In Table 4, among models 1 to 4, taking Model No.1 as the benchmark, the reduction in the number of layers of the remaining models ranged from 13.3% to 33.7%, the reduction ratio of GFLOPs was 13.1% to 30.6%, and the reduction range of the number of parameters was within 14.6% to 30.0%, showing a significant optimization trend. Within models 5 to 8, compared with model 5, the reduction ratio of the number of layers in other models is approximately 12.8% - 32.4%, the decrease ratio of GFLOPs is 13.1% - 30.6%, and the decrease ratio of the number of parameters is 14.5% - 30.9%, which also reflects the optimization of complexity and computational load. Among models numbered 9 to 12, compared with model numbered 9, the number of layers, GFLOPs and the number of parameters of the remaining models also showed decrease rates of 12.9% - 32.5%, 13.1% - 30.6% and 14.5% - 30.9% respectively. These results clearly indicate that in each group of comparisons, except for the reference model, the other models have decreased to varying degrees in terms of the number of layers, GFLOPs and the number of parameters, revealing the optimization strategy of the C3L model in structural design and computing resource allocation.
Table 4. Model summary of different model
| No. | Layers | GFLOPs | Paprameters |
|---|---|---|---|
| 1 | 270 | 16 | 7027720 |
| 2 | 215 | 13.2 | 5970376 |
| 3 | 234 | 13.9 | 6001416 |
| 4 | 179 | 11.1 | 4944072 |
| 5 | 281 | 16 | 7060586 |
| 6 | 226 | 13.3 | 6003242 |
| 7 | 245 | 13.9 | 6034282 |
| 8 | 190 | 11.1 | 4976938 |
| 9 | 280 | 16 | 7053368 |
| 10 | 225 | 13.2 | 5996024 |
| 11 | 244 | 13.9 | 6027064 |
| 12 | 189 | 11.1 | 4969720 |
In the research of object detection, Precision is one of the key indicators for evaluating the performance of a model. It reflects the proportion of the samples predicted as positive examples by the model that are truly positive examples. Figure 5 (a) shows multiple model variants based on 5s. During the training process, the Precision curves of each variant showed obvious fluctuation characteristics, and there were differences in the growth trends and stability among them.
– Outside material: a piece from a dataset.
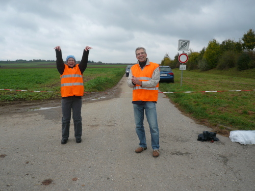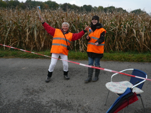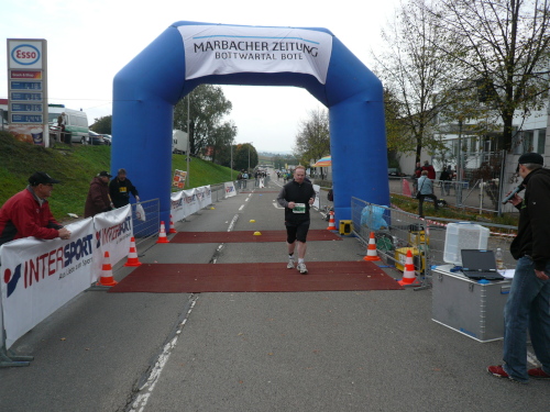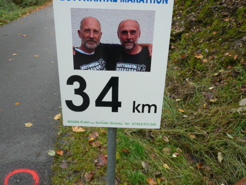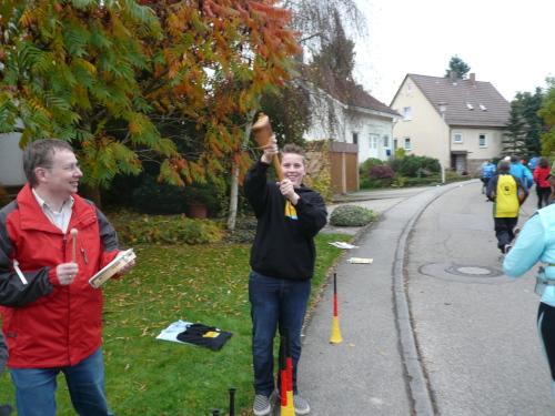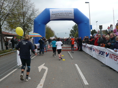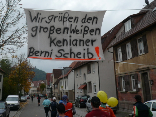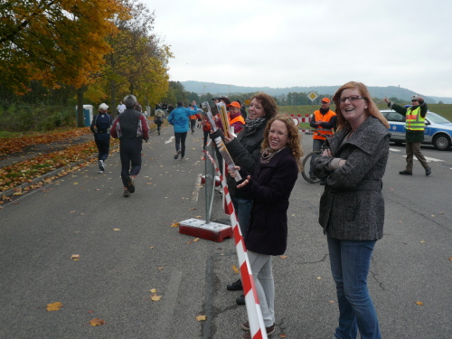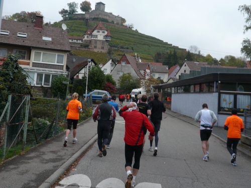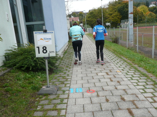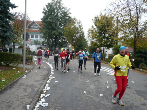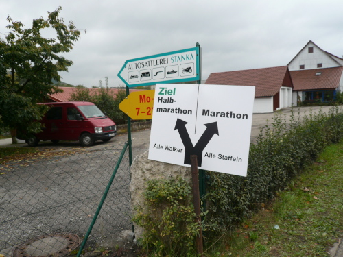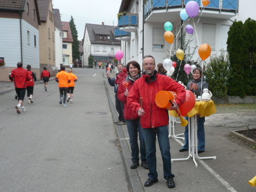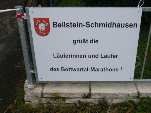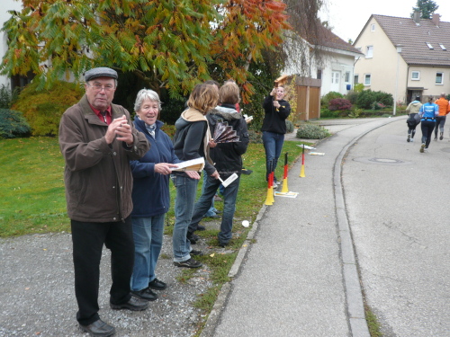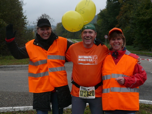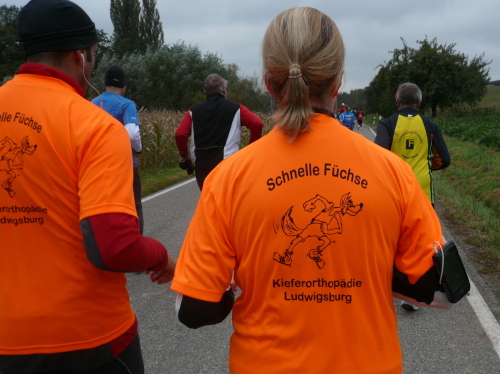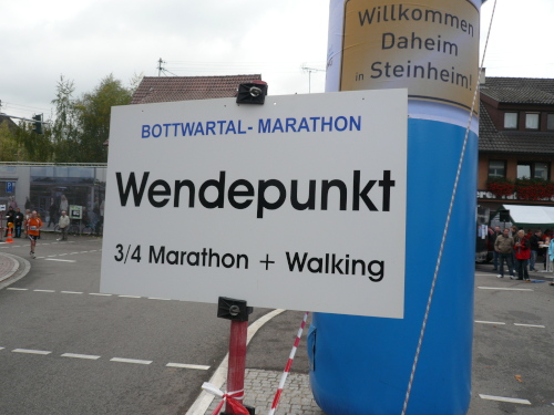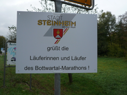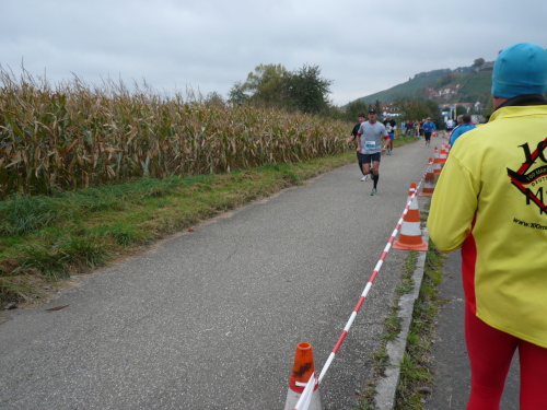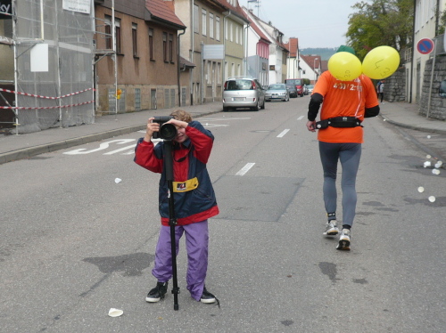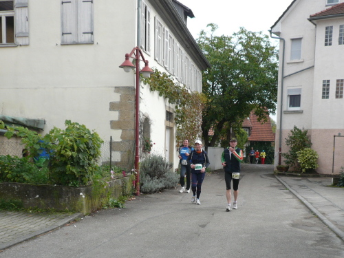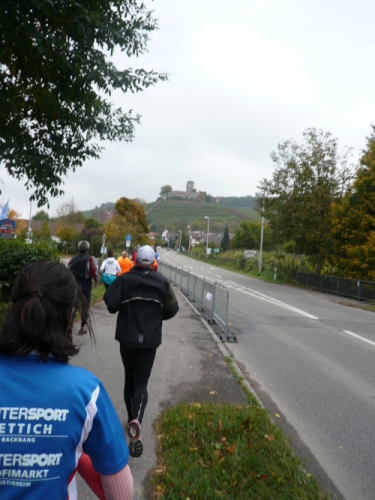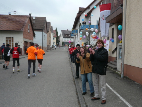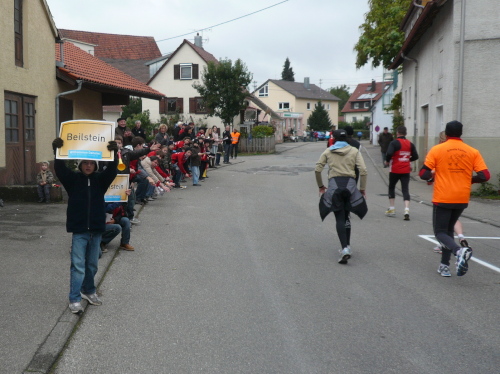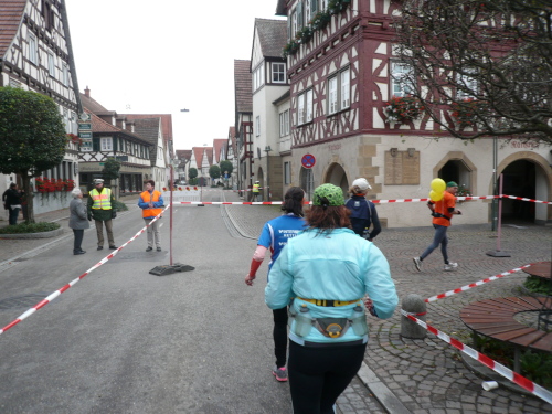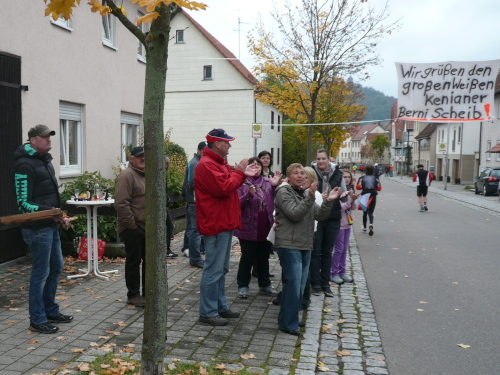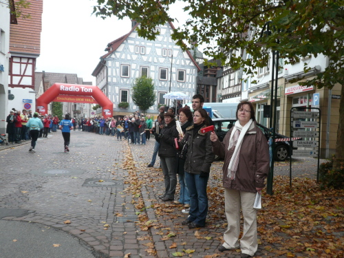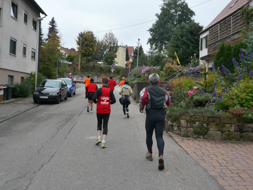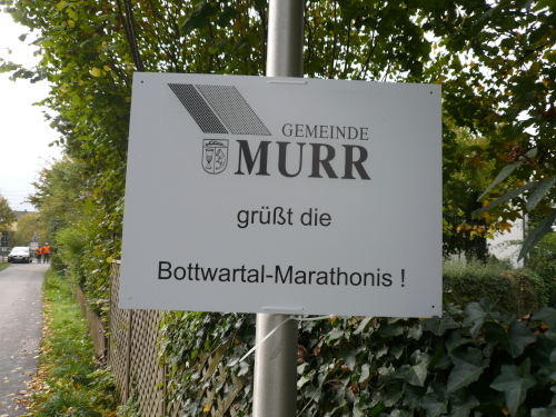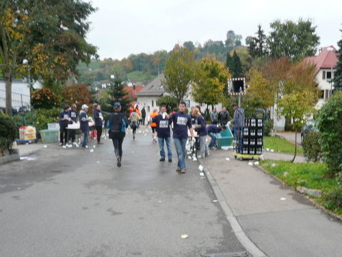 In einer großen Schleife kamen wir anschließend wieder nach Murr, wo die Zuschauer noch immer begeistert feierten. Auf dem Rückweg begegneten wir den Nordic Walkern, die dieses Jahr später auf die Strecke gelassen wurden. Durch diese Maßnahme gab es im Gegensatz zum letztjährigen Marathon keinen Engpass in Steinheim und Kleinbottwar.

For example, the Precision curve of 5s-C3L-B separates from other variants at certain stages, indicating that minor adjustments to the model structure can significantly affect the rhythm of its precision improvement during the training process. This difference may stem from the different ways different variants extract and process features, thereby affecting the model's accurate recognition ability of the target. It is found that the optimization in the Head part can maintain good stability.
Figure 5 (b-c) focuses on the model variants that introduce the CBAM (Convolutional Block Attention Module) and the CA module. Although the Precision of all variants shows a fluctuating upward trend with the increase of the number of training steps, However, there are obvious differences among different variants in terms of growth rate and the final achieved Precision values. It was found that after adding the attention mechanism, the stability of the optimization of the Head part was more obvious, and the accuracy was improved under the CBAM attention mechanism.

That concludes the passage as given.